**PROMPT:**
All that is needed is the first stretch of the listing below, repeated exactly and ending with the line that contains "Kurzarm- Feinstrickpullover aus". Pictures are to be left out.

**DATA PROVIDED:**

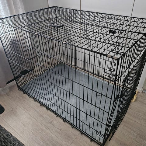 Leveys 96 cm, Syvyys 87 cm ja korkeus 68 cm, toisen oven kaltereissa koiran puremajälkiä.
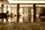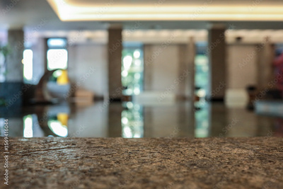 Stone edge of indoor pool with blurred background of luxury spa interior. Modern wellness center with elegant design, soft lighting, and relaxing atmosphere
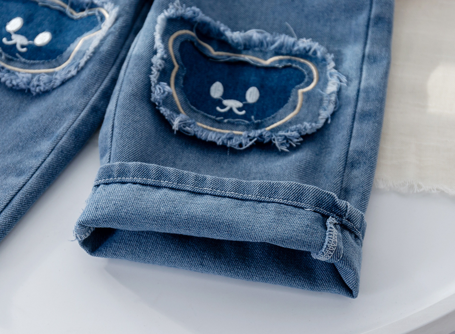 9M-6Y Toddler Girls Bear Denim Straight Pants Girls Clothes
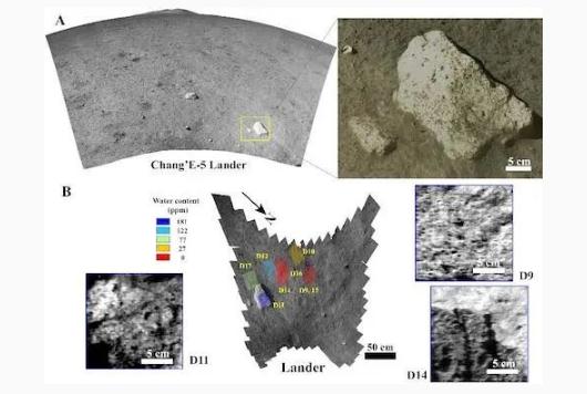 數據分析結果為月球上真的存在水增加了新的確鑿證據:嫦娥五號采樣區的水含量在 120 ppm(百萬(wàn)分之 120)以下,而巖石中的水含量約為 180 ppm。
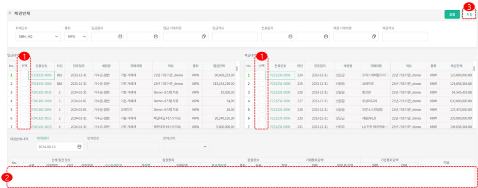 가수금 입금 처리한 가수금 선택 후 반제처리 할 채권을 선택
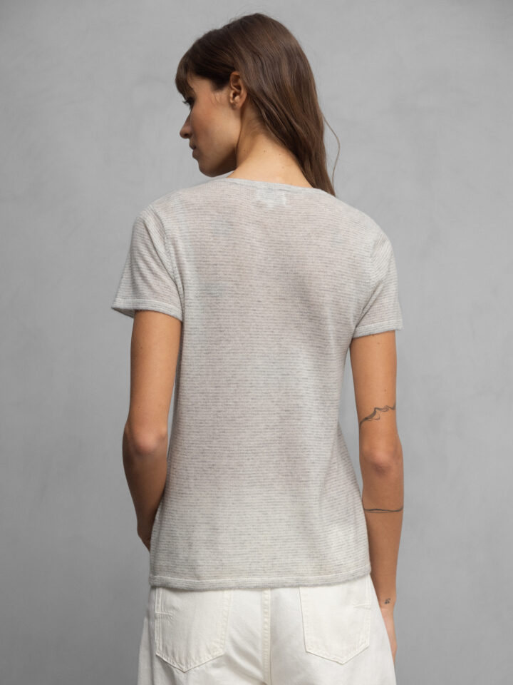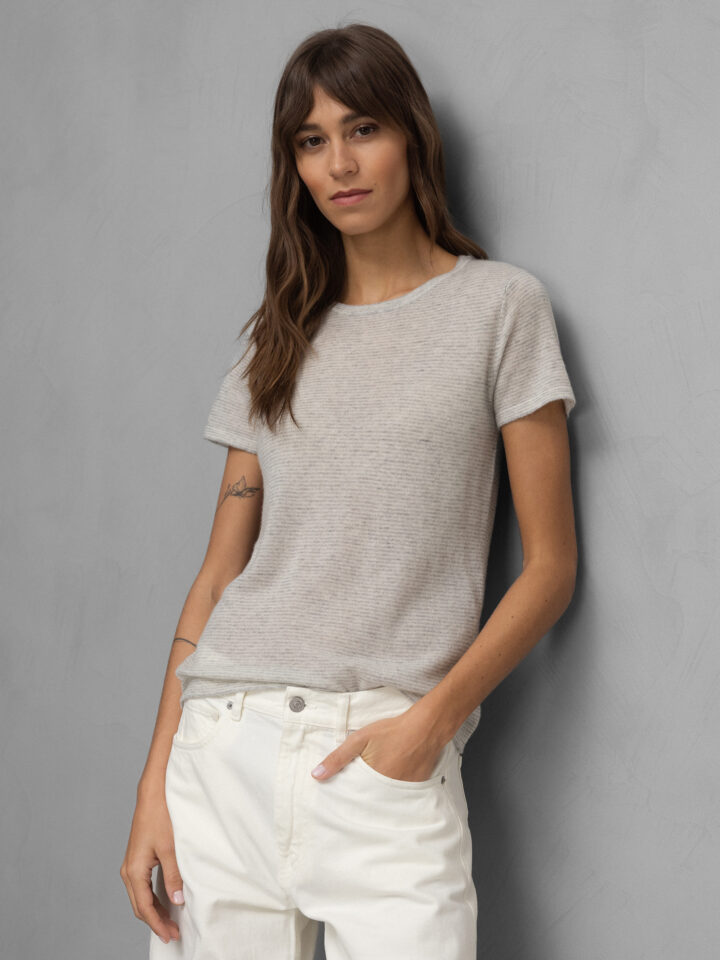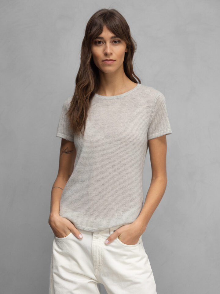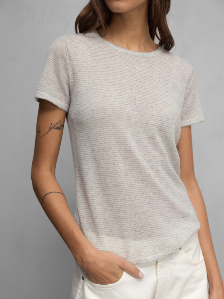 Kurzarm- Feinstrickpullover aus Cashmere von UNIVERSEL 12 OFFWHITE/GREY  |  K02/50
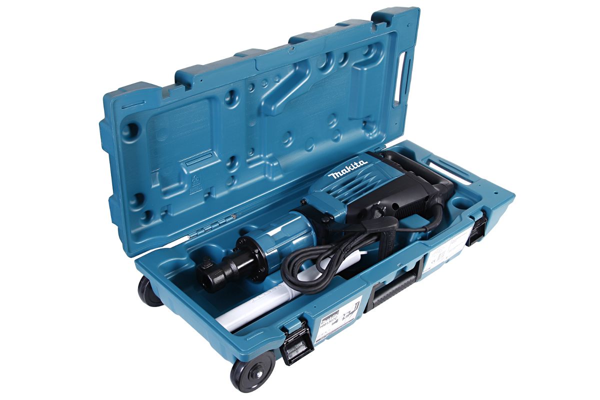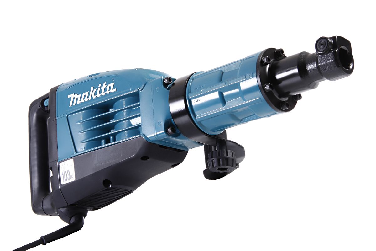 Электрический отбойный молоток MAKITA HM1307C — бетонолом для демонтажа конструкций из кирпича и бетона, вскрытия асфальта и других твердых покрытий. Двигатель на 1510 Вт развивает до 1450 уд/мин. Сила удара — 33,8 Дж. Преимущества модели — поддержание постоянного количества оборотов под нагрузкой; плавный пуск двигателя; световые сервисные индикаторы (один — для контроля степени износа щеток; и второй — для отслеживания исправности кабеля и выключателя).
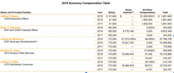 亚马逊 2019年高层薪酬,图片来自亚马逊年报
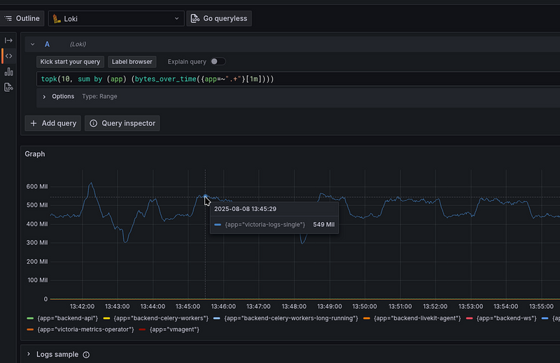 I started digging with the “ Ingestion rate limit exceeded ” error in Loki, because the disk space on VictoriaLogs was full for the same reason — too many logs were being written.
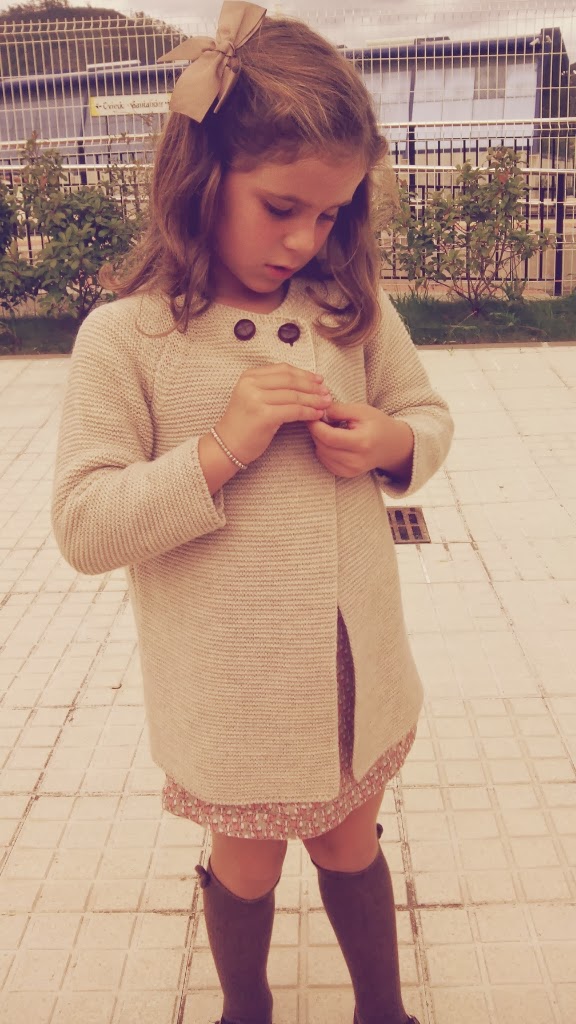 Inés no ha tenido ningún problema en posar con la mayor naturalidad para Buscando Ropita, y eso es de agradecer!!! Gracias muñecaaa y también a mamá, que nos ha dejado que vean lo bonita que eres!!Hoy un look ideal y siempre seguro para nuestras peques!!Un vestido + chaqueta-abrigo + medias + zapatos + lazooooo (que importante es el lazo). Todooooo ideal!!!!Una combinación que nunca falla!!!!

**RESPONSE BOX:**
 Leveys 96 cm, Syvyys 87 cm ja korkeus 68 cm, toisen oven kaltereissa koiran puremajälkiä.
 Stone edge of indoor pool with blurred background of luxury spa interior. Modern wellness center with elegant design, soft lighting, and relaxing atmosphere
 9M-6Y Toddler Girls Bear Denim Straight Pants Girls Clothes
 數據分析結果為月球上真的存在水增加了新的確鑿證據:嫦娥五號采樣區的水含量在 120 ppm(百萬(wàn)分之 120)以下,而巖石中的水含量約為 180 ppm。
 가수금 입금 처리한 가수금 선택 후 반제처리 할 채권을 선택
 Kurzarm- Feinstrickpullover aus Cashmere von UNIVERSEL 12 OFFWHITE/GREY  |  K02/50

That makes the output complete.